MEDAN.suaramuhammadiyah.id– Pimpinan Wilayah Muhammadiyah (PWM) Sumatera Utara mendorong pihak berwenang untuk tidak hanya menggunakan pendekatan sistem peradilan kriminal dalam penanganan pasca-kerusuhan bernuansa SARA di Tanjung Balai, Sumatera Utara, Jumat 29 Juli 2016 yang menyebabkan satu vihara dan empat kelenteng hangus terbakar. Namun hendaknya menggabungkan banyak pendekatan lain yang lebih komprehensif dan sesuai dengan Peraturan Pemerintah Nomor 2 Tahun 2015 Tentang Penanganan Konflik Sosial.
Hanya mencukupkan pada pendekatan hukum atau criminal justice system (sistem peradilan criminal) saja dinilai baru pada tingkatan dangkal dan tidak akan mampu menyelesaikan akar permasalahan konflik.
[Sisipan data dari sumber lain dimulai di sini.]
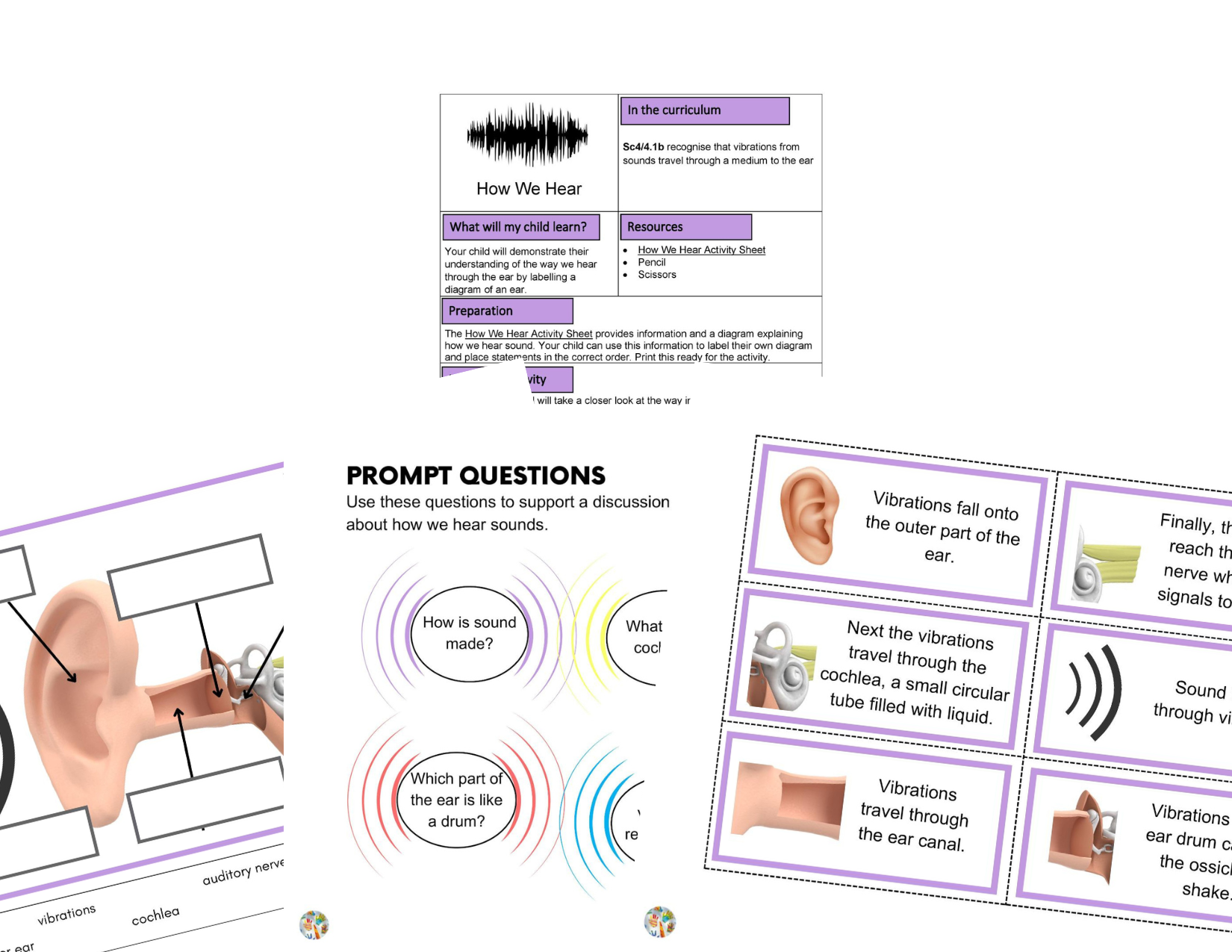 Pour commencer, nous proposons l'activité « Comment nous entendons », qui permet aux enfants de comprendre le processus d'audition des sons. Cette activité est parfaite pour les enfants du Key Stage 2 et consiste à créer un modèle simple de l'oreille en utilisant des matériaux de tous les jours tels que des gobelets en papier, de la ficelle et des perles. À la fin de l’activité, les enfants comprendront comment le son circule dans l’oreille et comment le cerveau l’interprète.

Bahkan bukan tidak mungkin justru memperluas konflik yang sudah ada.
“Pendekatan ini bisa memicu konflik lanjutan yang meluas ke daerah lain. Undang-undang ini sudah dilengkapi Peraturan Pemerintah Nomor 2 Tahun 2015, ini lebih mampu menyelesaikan kerusuhan yang sudah memenuhi unsur sebagai konflik sosial,” kata Ketua PWM Sumatera Utara Abdul Hakim Siagian, Senin (1/8).
Dalam peraturan tersebut dinyatakan bahwa penanganan konflik harus mengedepankan pendekatan musyawarah, kemanusiaan, hak asasi manusia, kebangsaan, kebhinekatunggalikaan, keadilan, ketertiban, keberlanjutan dan kearifan lokal, serta tanggung jawab negara, partisipatif, tidak memihak dan tidak membeda-bedakan. Asas ini perlu ditegaskan untuk menjadi landasan dan acuan dalam mengambil keputusan.
“Kita tidak mau seperti menangani penyakit, yang diobati cuma yang nampak, penyakit dalamnya dibiarkan. Penyakit dalam di Tanjungbalai perlu diusut tuntas agar arif tawaran penyelesaian konfliknya. Jangan kita terjebak hanya di tingkat seremonial dan pencitraan saja,” ujarnya.
PWM Sumatera Utara sudah menurunkan tim untuk melakukan evaluasi atas konflik, baik melalui publikasi media, testimoni para saksi serta hasil data yang dikumpulkan. Hasilnya, Muhammadiyah Sumut menyimpulkan apa yang terjadi Tanjungbalai sudah memenuhi unsur konflik sosial sehingga sebagai negara hukum, sudah seharusnya undang-undang khusus penanganan konflik dan peraturan pemerintahnya digunakan.
“Berdasarkan hasil survei dan penelitian kami, di beberapa daerah tinggal menunggu meledak saja. Apalagi perilaku penyelundupan yang masif itu, masuknya narkoba, peredaran bebas, jangankan orang dewasa, anak-anak suka hati membicarakannya. Jadi penanganan secara kriminal saja tidak akan cukup,” kata Abdul Hakim (Ribas).